** THE PROBLEM **
Starting at the line containing "大多數(shù)員工不太能決" and ending at the line containing "Der Märchenbrunnen an", transcribe the listing below exactly. Keep both end lines, skip the pictures, and copy nothing else.

** RECORDS FOR THIS EXERCISE **
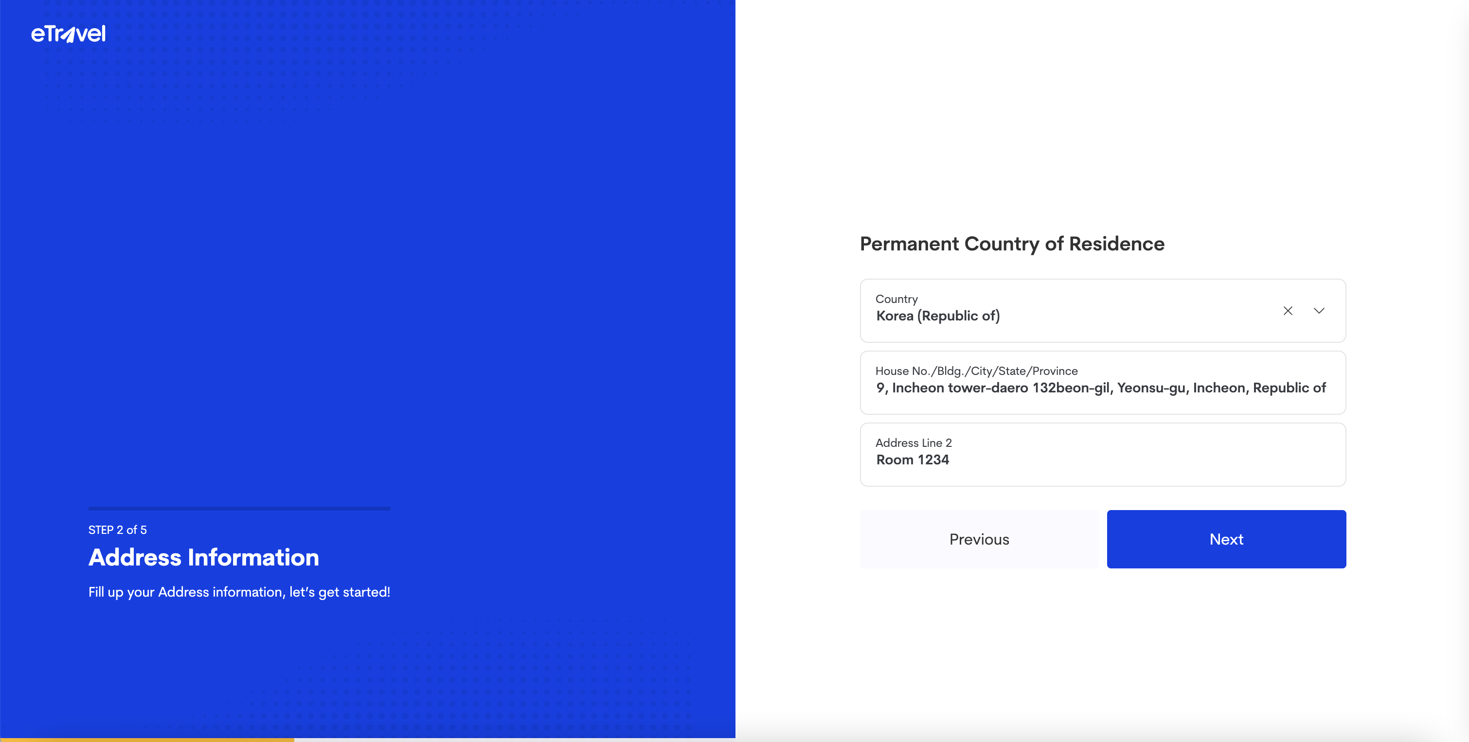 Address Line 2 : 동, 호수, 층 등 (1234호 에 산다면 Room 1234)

...

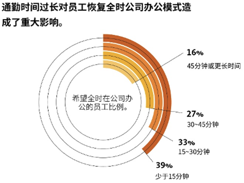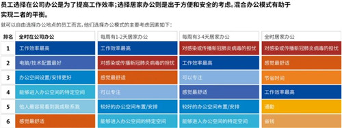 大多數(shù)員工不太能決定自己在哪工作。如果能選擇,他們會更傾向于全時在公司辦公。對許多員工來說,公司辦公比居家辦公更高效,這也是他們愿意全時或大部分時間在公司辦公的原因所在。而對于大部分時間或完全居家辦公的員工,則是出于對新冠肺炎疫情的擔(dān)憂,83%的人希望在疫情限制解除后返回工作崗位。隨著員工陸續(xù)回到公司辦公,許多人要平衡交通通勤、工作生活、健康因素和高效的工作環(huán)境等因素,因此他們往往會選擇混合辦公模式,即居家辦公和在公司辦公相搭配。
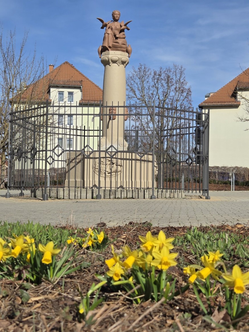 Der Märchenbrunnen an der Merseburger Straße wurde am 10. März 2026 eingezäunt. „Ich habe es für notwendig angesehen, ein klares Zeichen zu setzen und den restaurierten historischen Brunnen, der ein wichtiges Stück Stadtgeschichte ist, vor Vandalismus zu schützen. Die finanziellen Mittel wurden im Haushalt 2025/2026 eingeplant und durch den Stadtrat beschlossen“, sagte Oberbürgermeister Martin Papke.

** EXERCISE SOLUTION **
 大多數(shù)員工不太能決定自己在哪工作。如果能選擇,他們會更傾向于全時在公司辦公。對許多員工來說,公司辦公比居家辦公更高效,這也是他們愿意全時或大部分時間在公司辦公的原因所在。而對于大部分時間或完全居家辦公的員工,則是出于對新冠肺炎疫情的擔(dān)憂,83%的人希望在疫情限制解除后返回工作崗位。隨著員工陸續(xù)回到公司辦公,許多人要平衡交通通勤、工作生活、健康因素和高效的工作環(huán)境等因素,因此他們往往會選擇混合辦公模式,即居家辦公和在公司辦公相搭配。
 Der Märchenbrunnen an der Merseburger Straße wurde am 10. März 2026 eingezäunt. „Ich habe es für notwendig angesehen, ein klares Zeichen zu setzen und den restaurierten historischen Brunnen, der ein wichtiges Stück Stadtgeschichte ist, vor Vandalismus zu schützen. Die finanziellen Mittel wurden im Haushalt 2025/2026 eingeplant und durch den Stadtrat beschlossen“, sagte Oberbürgermeister Martin Papke.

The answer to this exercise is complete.